We consider a recommender system with the configuration of 10 neighbors. An attacker creates 10 sybils, each of whom owns a rating history with parts of \(u_t\)’s rating history (i.e., the auxiliary knowledge). Ideally, each sybil has a neighborhood consisting of \(u_t\) plus 9 other sybils. However, in PPCF schemes, the sybil cannot obtain neighbors as expected, due to the introduced perturbation.

Fig. 2.
figure 2

Utility comparison between D2P, PNCF, and DynaEgo

Fig. 3.
figure 3

Resistance of D2P, PNCF, and DynaEgo to the kNN attack.

In Fig. 3, each point represents the average value of SuccessRate from 50 repeated experiments. It may seem strange at the first sight that the SuccessRate decreases with the increase of auxiliary information. In fact, in PPCF schemes, more auxiliary knowledge increases the probability of other sybils rather than the target user appearing in the neighbors. Since sybil user’s rating history does not have any information about \(u_t\)’s remaining rating history, the increase of sybil users in neighbors has a negative effect on the inferences.

For the non-private scheme, the SuccessRate of kNN attack is 1.0, which indicates that the kNN attack always succeed.
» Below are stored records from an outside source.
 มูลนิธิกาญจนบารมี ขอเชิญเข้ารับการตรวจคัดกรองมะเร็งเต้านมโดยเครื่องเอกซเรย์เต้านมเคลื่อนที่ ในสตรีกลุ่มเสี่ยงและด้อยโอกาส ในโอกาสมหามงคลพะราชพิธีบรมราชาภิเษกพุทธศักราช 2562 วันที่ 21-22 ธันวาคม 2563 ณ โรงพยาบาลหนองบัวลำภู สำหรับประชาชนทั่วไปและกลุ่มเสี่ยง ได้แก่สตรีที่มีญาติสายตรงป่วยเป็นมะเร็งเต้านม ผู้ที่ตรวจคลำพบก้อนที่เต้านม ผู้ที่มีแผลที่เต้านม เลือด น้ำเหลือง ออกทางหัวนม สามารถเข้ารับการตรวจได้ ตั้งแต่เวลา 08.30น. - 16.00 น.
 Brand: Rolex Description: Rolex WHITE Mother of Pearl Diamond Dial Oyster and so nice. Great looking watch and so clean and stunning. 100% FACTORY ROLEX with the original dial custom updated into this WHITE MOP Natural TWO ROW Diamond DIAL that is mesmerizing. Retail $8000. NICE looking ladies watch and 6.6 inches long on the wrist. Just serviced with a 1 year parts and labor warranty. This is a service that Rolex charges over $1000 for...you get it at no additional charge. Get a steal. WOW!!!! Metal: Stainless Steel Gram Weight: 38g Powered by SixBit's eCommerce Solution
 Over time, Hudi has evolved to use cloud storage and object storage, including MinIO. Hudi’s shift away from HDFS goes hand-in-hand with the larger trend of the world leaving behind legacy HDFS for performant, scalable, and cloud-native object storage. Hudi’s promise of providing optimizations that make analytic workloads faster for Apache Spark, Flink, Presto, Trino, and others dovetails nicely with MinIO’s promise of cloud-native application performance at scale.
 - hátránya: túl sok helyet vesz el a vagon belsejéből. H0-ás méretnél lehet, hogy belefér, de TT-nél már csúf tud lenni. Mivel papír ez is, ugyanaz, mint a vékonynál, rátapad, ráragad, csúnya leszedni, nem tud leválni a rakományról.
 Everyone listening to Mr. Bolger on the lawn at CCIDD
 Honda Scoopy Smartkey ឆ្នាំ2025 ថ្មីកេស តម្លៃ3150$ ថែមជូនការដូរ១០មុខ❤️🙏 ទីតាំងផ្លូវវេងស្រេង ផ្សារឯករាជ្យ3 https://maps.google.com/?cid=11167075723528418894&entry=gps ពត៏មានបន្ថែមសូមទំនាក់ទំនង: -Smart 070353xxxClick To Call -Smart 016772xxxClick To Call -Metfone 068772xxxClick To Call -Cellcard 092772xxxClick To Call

In PPCF schemes, the SuccessRate falls significantly. Compared with other PPCF schemes, DynaEgo has lower SuccessRate regardless the percentage of auxiliary knowledge of the attacker.

4.4 Effect of Social Relationship Weight (\(\alpha \))

We vary the value of parameter \(\alpha \) from 0.1 to 0.9 to observe the change of \(F_1\)-Score and SuccessRate, with the configuration of 80% auxiliary items and 15 neighbors. The larger \(\alpha \) is, the bigger impact the social relationship will have.

Table 1. Effect of \(\alpha \) on privacy and utility

Table 1 indicates that when \(\alpha =0.5\), our scheme will have the best resistance to the kNN attack and a correspondingly lower \(F_1\)-Score value. The privacy protection degrades when \(\alpha \) approaches 0.1 or 0.9.

5 Conclusions

In this paper, we have proposed a social-aware PPCF scheme called DynaEgo. The main idea of DynaEgo is substituting users’ rating histories adaptively, which adopts the Exponential mechanism of DP. Additionally, social relationships are used to design the score function. To evaluate the performance of our scheme, we have conducted experiments on the Epinions data set. The results show that DynaEgo outperforms existent solutions in both utility and privacy protection. Since DynaEgo is independent of any specific recommendation algorithm, it can be applied to all recommender systems that are based on users’ rating histories.